Hugo Chàvez

“Come in se stesso infine l’eternità lo cambia” (1), Hugo Rafael Chávez Frías, scomparso il 5 marzo in piena gloria politica, si unisce a partire da ora e per sempre, nell’immaginario degli umili dell’America latina, alla piccola coorte dei grandi difensori della causa dei popoli: Emiliano Zapata, Che Guevara, Salvador Allende.

E’ stato senza dubbio il leader politico più celebre del suo tempo. Il che non significa che il suo pensiero e la sua opera siano stati riconosciuti. Perché era anche il leader più odiosamente attaccato e demonizzato dai grandi mezzi di comunicazione dominanti. Se la sua traiettoria politica, da quando è arrivato al potere in Venezuela nel 1999, è stata relativamente ben studiata, la stessa cosa non accade con i periodi precedenti della sua prima vita. Come nasce Chávez? Dove si è formato? Che influenze ha ricevuto? Quando decise di prendere il potere? Questi aspetti della sua apparizione, è quel che vorremmo ricordare qui.
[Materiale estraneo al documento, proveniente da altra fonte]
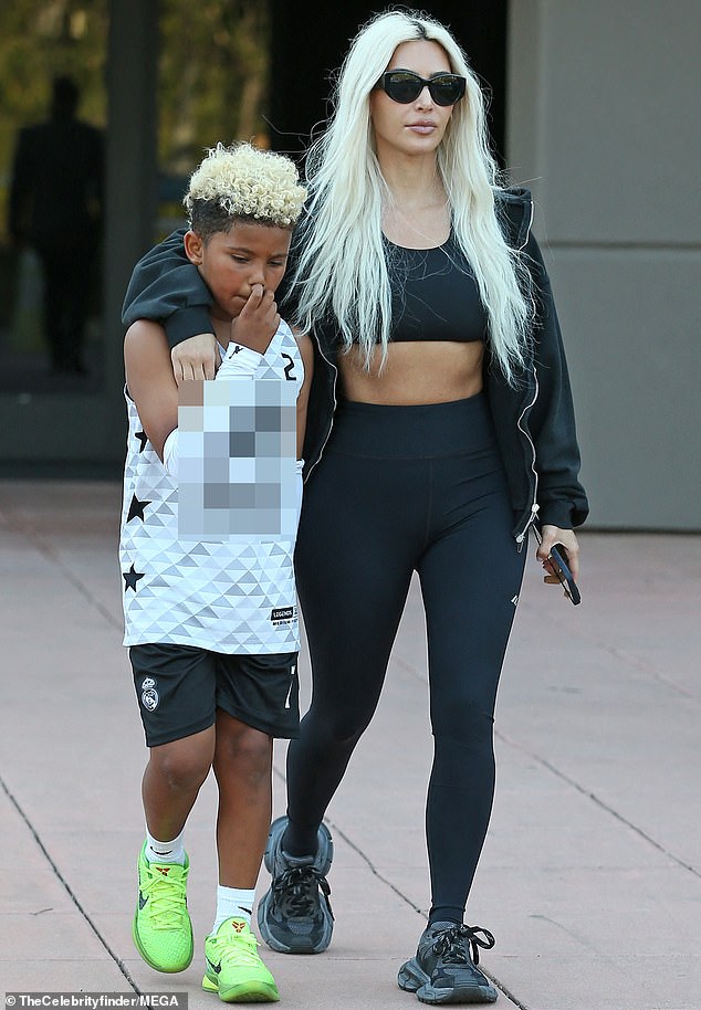 Kim Kardashian was seen arriving at her son Saint’s basketball game with matching blonde hair, matching her son’s own flaxen locks. Saint, who is eight years old, is one of the four children Kim shares with Kanye West. Kanye was also in attendance at the game, arriving separately from Kim. Kim displayed her new icy blonde hairdo, which she adopted at the end of last month, at the event. She wore sleek black workout gear and sunglasses, showing off her toned midriff.

Al principio, nulla lasciava intendere per Hugo Chávez  un destino tanto singolare. In effetti, venne al mondo all’interno di una famiglia molto povera in un angolo tra i più oscuri del “lontano ovest” del Venezuela, a Sabaneta, una piccola città degli Llanos, le infinite pianure che si estendono ai piedi delle Ande. Quando nacque, nel 1954, i suoi genitori non avevano compiuto vent’anni. Insegnanti precari in un remoto villaggio, sottopagati, dovettero affidare i loro primi due figli (Hugo e il suo fratello Adán) alla nonna paterna dei bambini. Rosa Inés, meticcia afro-indigena, li allevò fino all’età di quindici anni. Persona molto intelligente, molto pedagogica, dotata di una notevole sensatezza e traboccante di amore, questa nonna ha avuto un’influenza decisiva sulla formazione del piccolo Hugo.
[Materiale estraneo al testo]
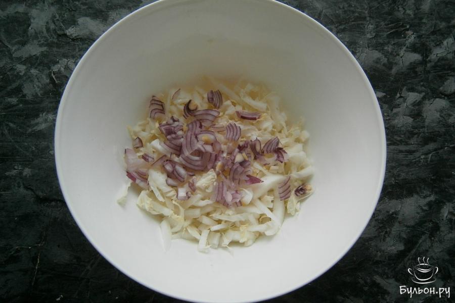 1. Яйца отварить, остудить и почистить. Пекинскую капусту нарезать тонко вдоль, а потом порубить ее, чтобы была помельче, добавить мелко и тонко порезанный красный лук.
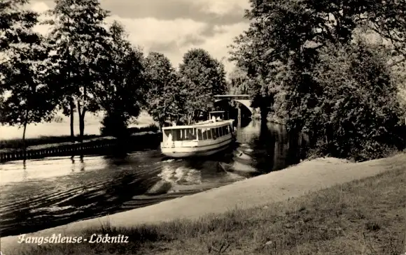 Ak Fangschleuse Grünheide in der Mark, Boot auf der Löcknitz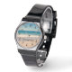 Personalised Aqua Beach Scene Photo Black Text Watch

Appena fuori dal paese, Rosa abitava una casa amerindia con il pavimento di terra battuta, i muri di adobe (fango pressato, ndt) e con il tetto di foglie di palma. Senza acqua corrente, senza elettricità. Priva di risorse, viveva della vendita di alcuni dolci che essa stessa preparava con la frutta del suo piccolo giardino. Così che, fin dalla prima infanzia, Hugo imparò a lavorare la terra, potare le piante, coltivare il mais raccogliere i frutti, occuparsi degli animali. Si impadronì del sapere agricolo ancestrale di Rosa Inés. Partecipava a tutti i lavori di casa, andava a prendere l’acqua, spazzava la casa, aiutava a fare i dolci. E, a sette o otto anni, andava a venderli camminando per le strade di Sabaneta, gridando alle uscite del cinema, al bocciodromo e al mercato.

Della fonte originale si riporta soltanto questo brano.